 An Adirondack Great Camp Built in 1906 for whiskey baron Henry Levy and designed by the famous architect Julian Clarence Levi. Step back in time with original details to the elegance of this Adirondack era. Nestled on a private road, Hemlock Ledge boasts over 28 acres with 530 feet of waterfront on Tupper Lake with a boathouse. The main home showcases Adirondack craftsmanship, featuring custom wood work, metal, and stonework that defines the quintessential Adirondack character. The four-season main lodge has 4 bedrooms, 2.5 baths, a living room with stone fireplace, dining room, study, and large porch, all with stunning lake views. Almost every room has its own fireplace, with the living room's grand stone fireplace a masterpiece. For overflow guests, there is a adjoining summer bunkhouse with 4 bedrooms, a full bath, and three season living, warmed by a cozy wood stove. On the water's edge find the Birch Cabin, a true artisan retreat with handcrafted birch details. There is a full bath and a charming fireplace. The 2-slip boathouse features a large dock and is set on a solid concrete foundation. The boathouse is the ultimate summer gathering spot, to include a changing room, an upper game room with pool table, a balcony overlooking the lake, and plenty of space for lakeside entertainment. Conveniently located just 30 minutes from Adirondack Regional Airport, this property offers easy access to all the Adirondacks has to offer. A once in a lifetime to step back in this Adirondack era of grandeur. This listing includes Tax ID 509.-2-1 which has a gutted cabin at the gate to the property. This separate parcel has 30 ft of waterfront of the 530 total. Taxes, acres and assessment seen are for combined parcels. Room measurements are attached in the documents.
---
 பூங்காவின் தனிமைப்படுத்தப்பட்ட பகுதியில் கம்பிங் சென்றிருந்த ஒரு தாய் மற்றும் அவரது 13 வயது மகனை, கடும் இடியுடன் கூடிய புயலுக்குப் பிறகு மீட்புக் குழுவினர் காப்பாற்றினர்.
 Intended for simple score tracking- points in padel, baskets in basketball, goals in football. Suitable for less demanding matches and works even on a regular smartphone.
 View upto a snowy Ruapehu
--
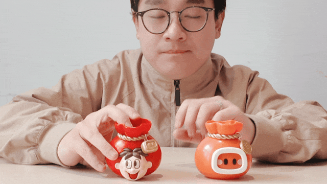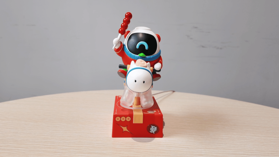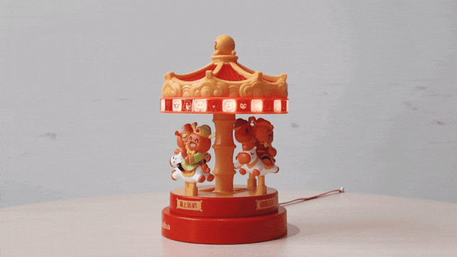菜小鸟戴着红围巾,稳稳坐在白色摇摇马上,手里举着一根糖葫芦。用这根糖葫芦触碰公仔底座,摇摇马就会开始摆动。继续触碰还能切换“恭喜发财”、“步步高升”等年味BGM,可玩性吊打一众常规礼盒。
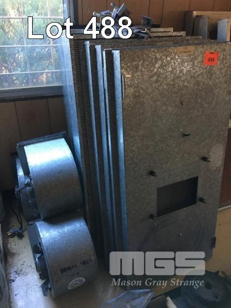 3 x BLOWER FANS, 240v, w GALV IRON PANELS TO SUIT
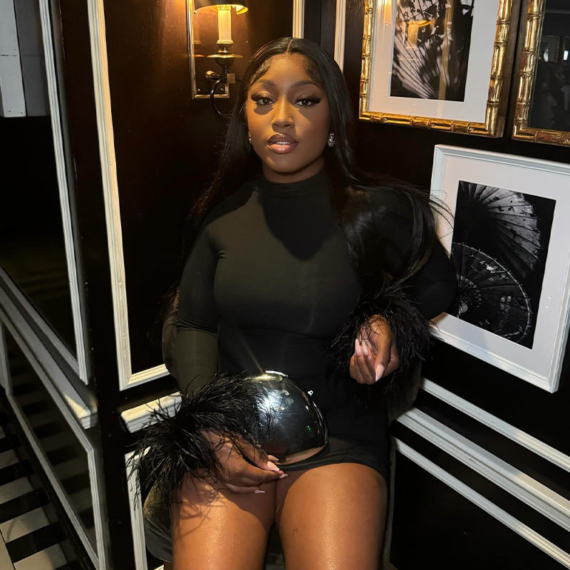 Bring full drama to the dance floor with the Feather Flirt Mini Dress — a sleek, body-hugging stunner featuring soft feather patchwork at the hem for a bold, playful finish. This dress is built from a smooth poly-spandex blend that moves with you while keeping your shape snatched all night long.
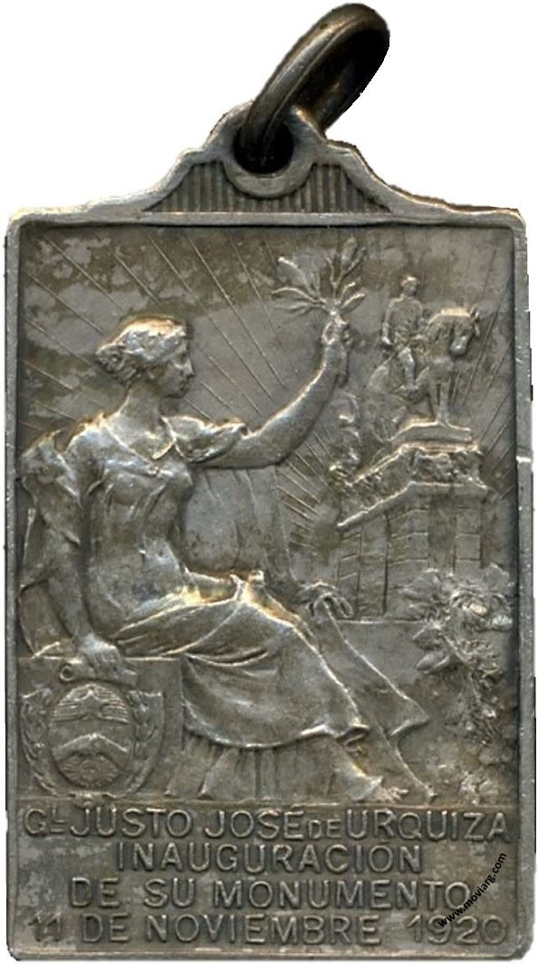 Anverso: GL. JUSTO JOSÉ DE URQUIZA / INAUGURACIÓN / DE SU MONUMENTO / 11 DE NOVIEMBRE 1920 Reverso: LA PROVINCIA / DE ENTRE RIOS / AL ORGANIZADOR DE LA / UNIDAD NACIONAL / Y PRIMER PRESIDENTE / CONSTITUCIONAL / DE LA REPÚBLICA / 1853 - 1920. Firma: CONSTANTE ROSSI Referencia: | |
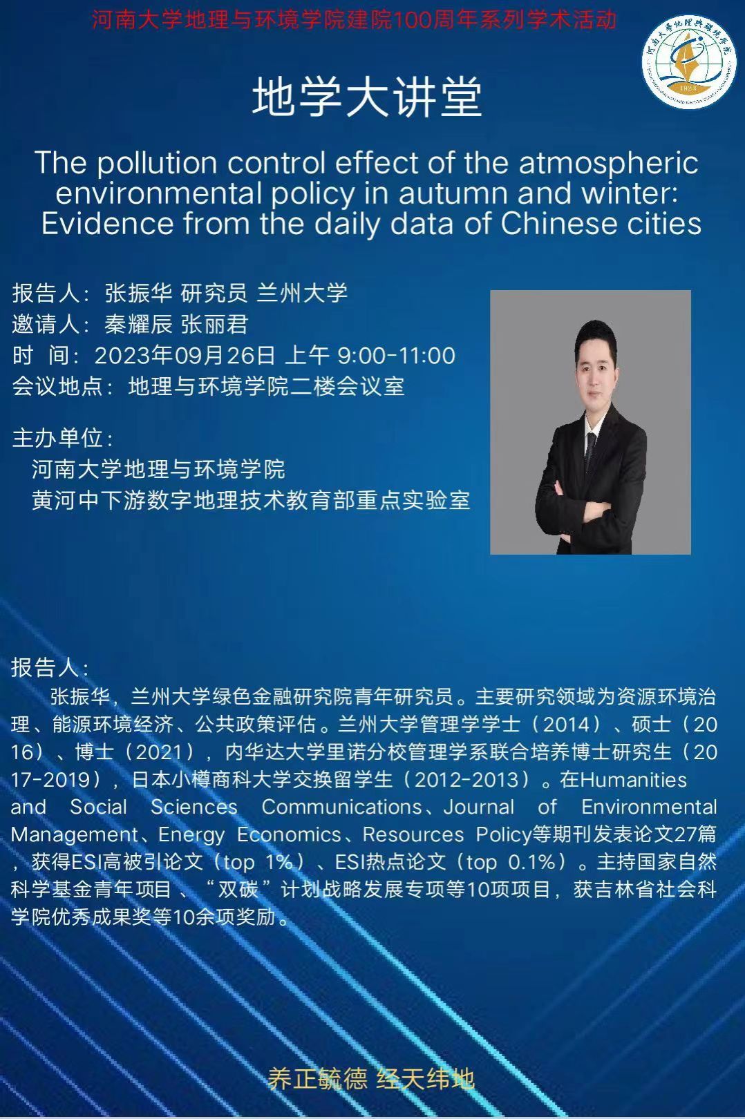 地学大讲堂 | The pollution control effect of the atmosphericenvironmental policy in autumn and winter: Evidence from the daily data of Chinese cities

> **Problem description**
Begin at the line above that has "Intended for simple" and stop after the line that has "View upto a snowy Ruapehu", copying each line exactly and adding nothing else.

> **Reply to the task**
 Intended for simple score tracking- points in padel, baskets in basketball, goals in football. Suitable for less demanding matches and works even on a regular smartphone.
 View upto a snowy Ruapehu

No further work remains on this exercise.